By June Carbone
Mitt Romney has been going around telling newspaper editorial boards that the Affordable Care Act is redundant, that – to quote him in the Central Ohio Dispatch – “you go to the hospital, you get treated, you get care; and it’s paid for, either by charity, the government or by the hospital.” (10/11/12 Ohio Dispatch) Over the last few days, Paul Krugman and Nick Kristof have pointed out that limiting health care to emergency room visits already means that people die unnecessarily. It’s just that when they are not the Harvard roommates of New York Times columnists no one except their families notices.
If it were as simple as showing up at emergency rooms designed to treat the indigent, Romney would be correct that we don’t need the Affordable Care Act to improve health care access. But it isn’t as simple as that. Our multi-layered health care system is rarely as simple as that. Claims of simplicity underestimate the intelligence of listeners and display a striking lack of familiarity with emergency medicine, as most Americans know it.
What really happens in the hospital emergency room is a triage procedure – as anyone who has sat waiting for five or six hours for a few stiches will tell you. America earns an “F” grade on urgent care provided after hours in non-hospital settings even for those with full insurance coverage. So the single biggest users of emergency rooms are the insured who really could wait a few hours for care but really can’t wait until the next morning at 9:00 AM. And so the urgent but not emergent insured clog the emergency room. This is, of course, an amazingly expensive and inefficient way to treat this group.
Who else is there? People with government-funded health insurance who lack consistent primary care services are there. This is the fallout from the roughly half of all American physicians who say they will not and cannot take any more Medicaid beneficiaries on as patients. Medicaid beneficiaries seek what ought to be out patient care from the one set of providers who cannot turn them away completely – the ED staff. This is, of course, also an amazingly expensive and inefficient way to treat this group.
And, yes, the uninsured are there. They, however, are not entitled to the full scope of services provided to the two other groups described above.

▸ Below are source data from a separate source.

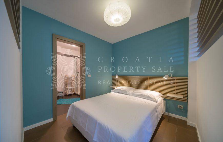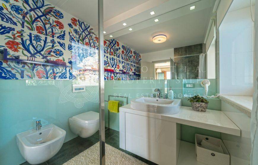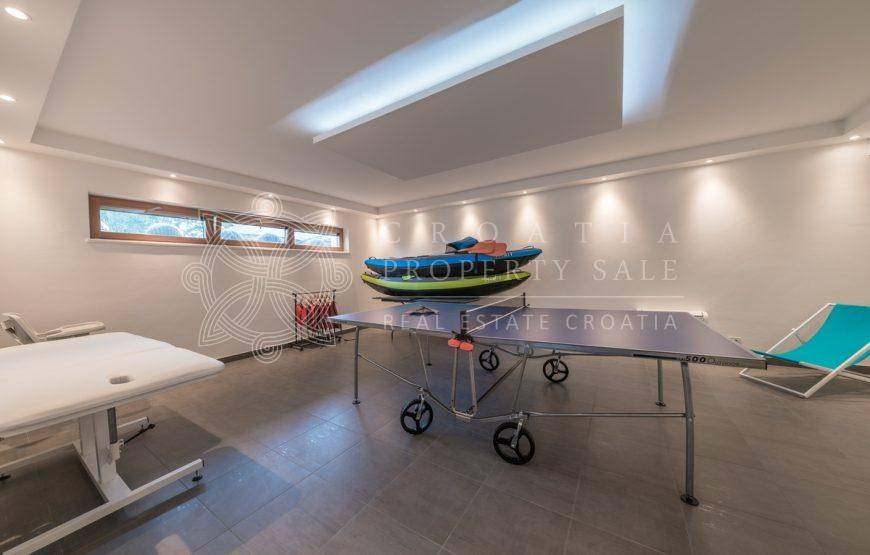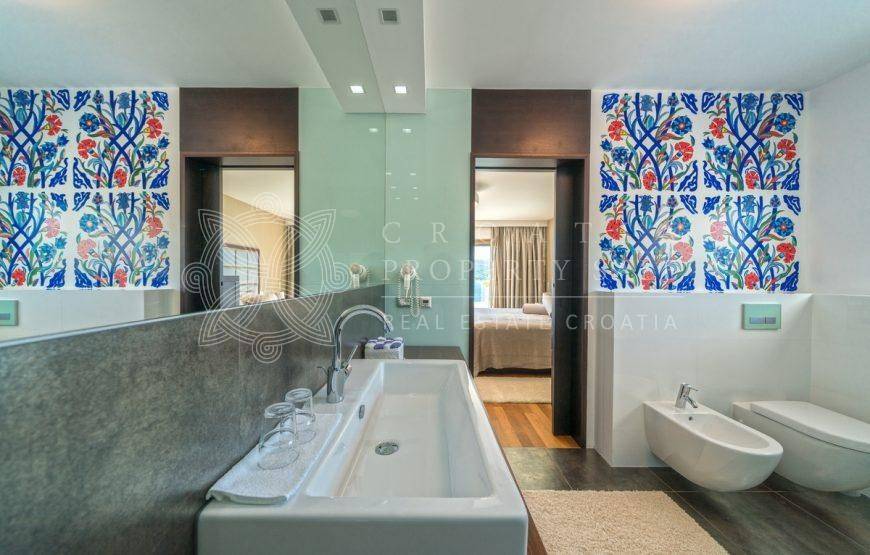 The interior offers three carefully designed bedrooms with private bathrooms and handmade furniture, a spacious living room, and a modern equipped kitchen. There is a separate part of the villa which consists of 2 separate suites and a table tennis room. It is fully air-conditioned and has floor heating. Like a true oasis of peace and tranquility, this luxurious villa will provide the ideal sanctuary for all admirers of the Mediterranean climate. Price for Croatia Trogir area waterfront luxury villa for sale is on request.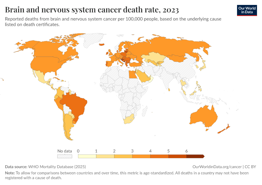 WHO Mortality Database (2025) – with minor processing by Our World in Data. “Brain and nervous system cancer death rate” [dataset]. WHO Mortality Database, “WHO Mortality Database” [original data]. Retrieved February 26, 2026 from https://region-dods-income-groups.owid.pages.dev/grapher/brain-and-nervous-system-cancer-death-rate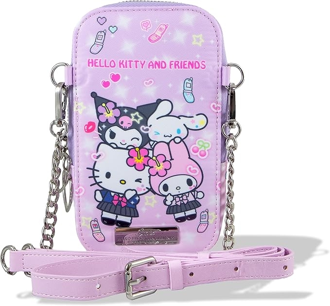 - The Hello Kitty and Friends Kogyaru Phone Pouch is an adorable pink crossbody bag and wallet for your phone and all the essentials. Hello Kitty, My Melody, Kuromi, and Cinnamoroll are dolled up in their school uniforms, representing the classic “kogyaru”, schoolgirl, kawaii style.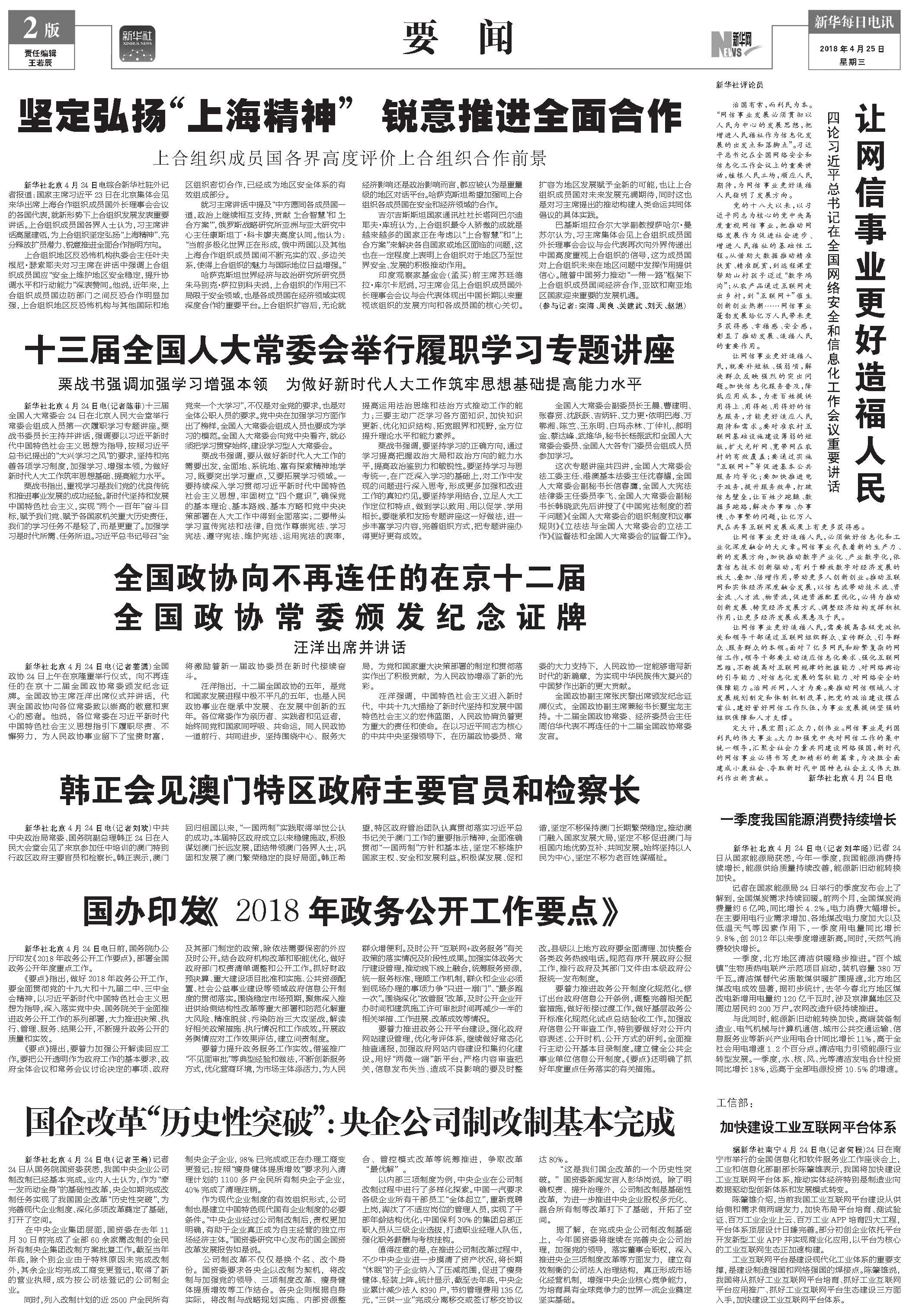 坚定弘扬“上海精神” 锐意推进全面合作 (2018年04月25日) |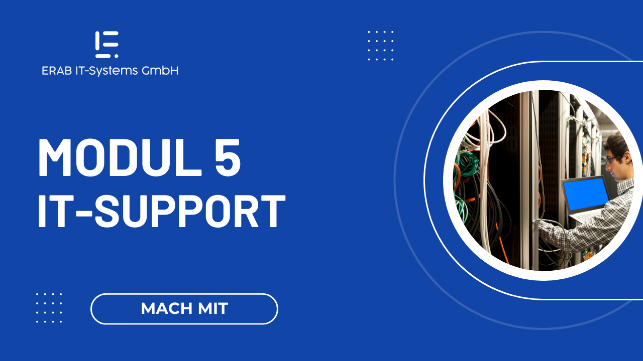 Das 5. Modul ermöglicht dem Teilnehmenden das umfangreiche Wissen rund um den IT-Support. Neben den Grundlagen und der Technologie geht es hierbei auch um die Kundenorientierung sowie Kommunikation.

It is a misunderstanding of the scope and operation of EMTALA to pretend otherwise. The EMTALA patients get treatment for active labor and stabilization and transfer for the rest. This means, for a cardiac patient, no fast track to the heart catheterization lab but symptom relief and transfer.
Transfer to where? Transfer to the county-funded hospital or safety net hospital for the catchment area. Here’s the thing: those folks are overwhelmed by incoming transfers of these kinds of people. And they are sinking under the burden. Those transferred may not die on the way, but they do not get the care that gives them the best hope of beating cancer or avoiding another preventable emergency room visit. And if the first visit does not produce the right diagnosis, additional tests and follow-up do not necessarily occur. If they do, if the patients receive quality care, both they and the unit that provides will face huge bills that neither can really afford.
It is therefore no accident that emergency departments are a vanishing breed. From 1990 to 2007, twenty seven percent of emergency rooms in the United States closed. It is not uncommon to travel around major metropolitan areas and note repeated hospital signs with the admonition: “No Emergency Services On Site.”
America’s emergency rooms are in crisis. A vision of our future that loads even more uncompensated care on safety net facilities is a nightmare vision. But Mitt Romney knows this. One of the chief goals of state specific health care reform in Massachusetts was to lower emergency room use significantly. It is an explicit measure of success or failure built into Romney-care itself.
Now the rest of the country needs to know what Romney-care knows.